Human recombinant furin was obtained from OriGene Technologies Inc. Conventional heparin (13.6 kDa) was obtained from a commercial batch preparation of unfractionated sodium heparin from beef mucosa (Laboratori Derivati Organici S.p.A.) purified to remove contaminants according to established methods (48). The purity was higher than 95% as assessed by electrophoresis in acidic buffer (49), uronic acid quantitative determination (50), and high-performance liquid chromatograph analysis (48). The 13C NMR spectrum measured following Casu et al. (51) showed 78% N-sulfate glucosamine, 80% 6-O-sulfate glucosamine, and 59% 2-O-sulfate iduronic acid. Low-molecular-weight (LMW) beef mucosal heparins (4.0 kDa) were obtained by controlled nitrous acid degradation of unfractionated heparin as described (51, 52). The capsular E. coli K5 polysaccharide (30,0 kDa) has the same structure [(→4)-β-D-glucuronic acid-(1→4)-α-D-N-acetyl-glucosamine-(1→)]n as the heparin precursor N-acetyl heparosan and was prepared as described in (53). To assess their integrity, the polysaccharides were reanalyzed before the beginning of the experiments (data not shown).

Furin cleavage assay

The ability of heparin to inhibit spike cleavage at the S1/S2 site by furin was evaluated by using the colorimetric assay “CoviDrop SARS-Cov-2 targeted proprotein convertase inhibitor screening fast kit” (Epigentek).

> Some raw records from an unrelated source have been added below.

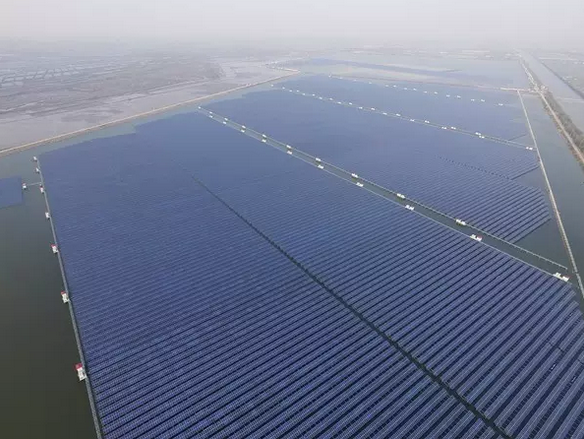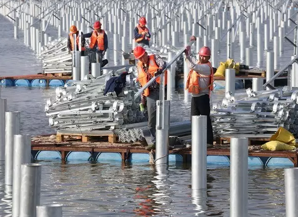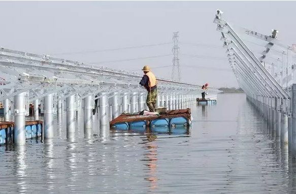 這項從2016年6月底進場施工的浩瀚工程進展“神速”。不到半年,一個“上可發電、下可養魚”的大型漁光互補光伏發電項目已基本完工。
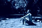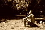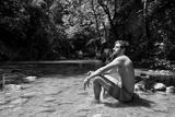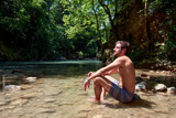 A handsome Caucasian man sitting on a rock in a river under sunlight
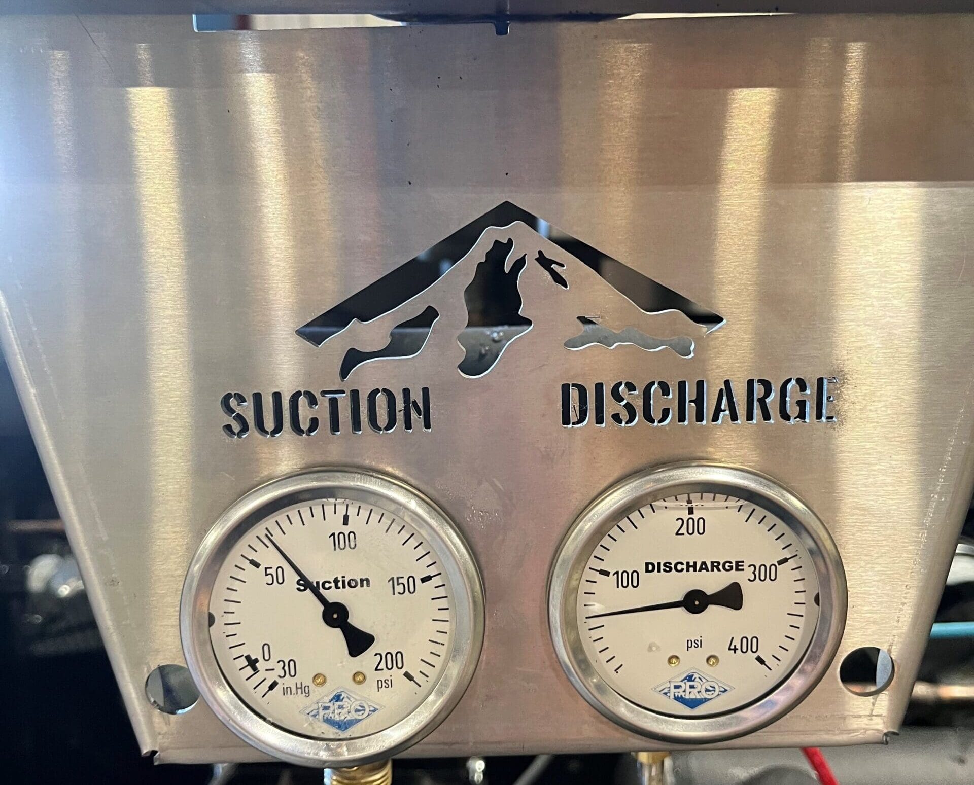 Laser cut bracket from 10 gauge galvanized steel supplied with PRO’s standard liquid filled High and Low Pressure Gauges and isolation valves with transducer port.  This is a great assembly for the service truck, easy to add to any chiller System or install as a direct replacement.
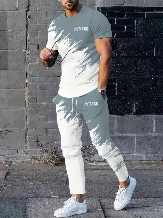 Men's Fashion Gradient Print Four Seasons Round Neck Short Sleeve T-shirt and Pants Set Outdoor Sports Two-piece
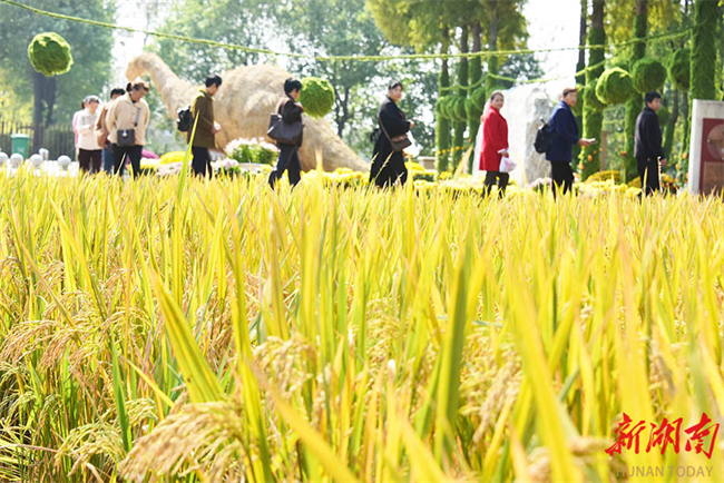 Visitors stroll around golden paddy fields in the Chengtoushan Scenic Area in Lixian County, Changde on October 23. With the ruin site where China's earliest city was discovered, the Chengtoushan Scenic Area features a combination of ancient civilization and autumn farming scenery in recent days, offering visitors a unique cultural experience. (Photo/Bai Yipu)

Briefly, a 2.0 kDa SARS-CoV-2 spike fragment containing the intact S1/S2 681RRAR684 HBD is tagged with polyhistidine and biotin at its N-terminus and C-terminus, respectively. The spike fragment is then immobilized onto microplate wells through histidine/Ni-NTA. The cleavage of the substrate at the S1/S2 site removes the C-terminal S2 fragment of spike that is linked to biotin, causing a decrease of the signal generated by avidin/biotin binding that is detected by an appropriate colorimetric reaction (recorded by the absorbance in a microplate spectrophotometer at a wavelength of 450 nm. See Tables S8 and S9 for values of single measurements). Furin cleavage inhibition blocks the reduction of the signal; consequently, the extent of spike cleavage is inversely proportional to the signal intensity. The assay was performed according to the manufacturer's instructions (https://www.epigentek.com/catalog/covidrop-sars-cov-targeted-proprotein-convertase-inhibitor-screening-fast-kit-p-84596.html).

Data availability

All simulation trajectories are available on the BioExcel COVID-19 platform: https://bioexcel-cv19.bsc.es/#/ with the identifiers from MCV1900217 to MCV1900236. Preprint server. aXriv - https://arxiv.org/abs/2103.07722

Supporting information

This article contains supporting information (16, 20, 25, 43, 54, 55, 56, 57).

Conflict of interest

The authors declare that they have no conflicts of interest with the contents of this article.